That statement should have been phrased differently; something like “power the AI will just take for itself regardless of what we want”. See here for why even a “merely” human-equivalent AI will have tremendous power even when we don’t intend for it to have that power.

 
Toggle comment visibility Comment by Tom McCabe
Jun 16, 2007 8:54 am

Someone please fix the first link. Thank you.

 
Toggle comment visibility Comment by Eliezer Yudkowsky
Jun 16, 2007 12:51 pm

Seth, I see that you were a PhD student in NEU’s Electrical Engineering department. Electrical engineering isn’t very complicated, right? I mean, it’s just:

while device is incomplete
…get some wires
…connect them

The part about getting wires can be implemented by going to a hardware store, and as for connecting them, a soldering iron should do the trick.

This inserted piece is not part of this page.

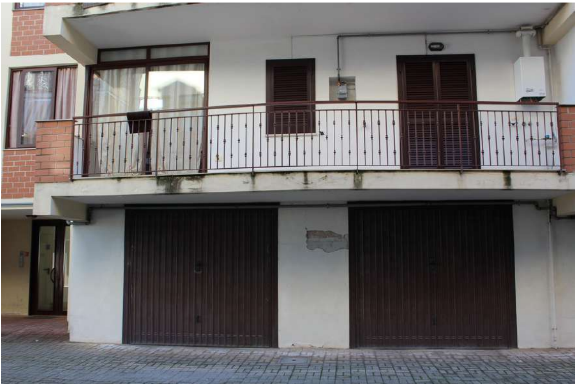
Foto 10: balcone esposto sul cortile centrale dell'appartamento al primo piano di sub. 15.
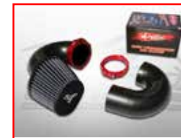
Cod. 304020 High-flow filter (Water Repellent) kit

(We all understand the difficulties of only our own profession.)

 
Toggle comment visibility Comment by Seth Baum
Jun 16, 2007 7:20 pm

Tom, thanks for the links- interesting reads.

“Such an AI will be faced with those kinds of challenges, because it has to be responsible for overseeing a world of six billion people.”

OK, but now we’re not talking about collecting stamps, fetching beverages, or even building reactors. No one human is charged with such a lofty task, so we’re already using a standard beyond (an individual) human intelligence, and we still run non-negligible chances of wrecking the whole thing- hence this conversation. (Technically, reactor design is also a multi-person project.) And of course, I agree that designing any AI that will manage to avoid all the stupid ways it could do very bad things is a (the?) critical task. I’m not disputing that an AI may have capacities which far outstrip ours.

The AI-builders might simply keep making the AI more powerful until it jumps out onto the Internet and proceeds to wreak havoc, without even making a conscious decision to “release” it.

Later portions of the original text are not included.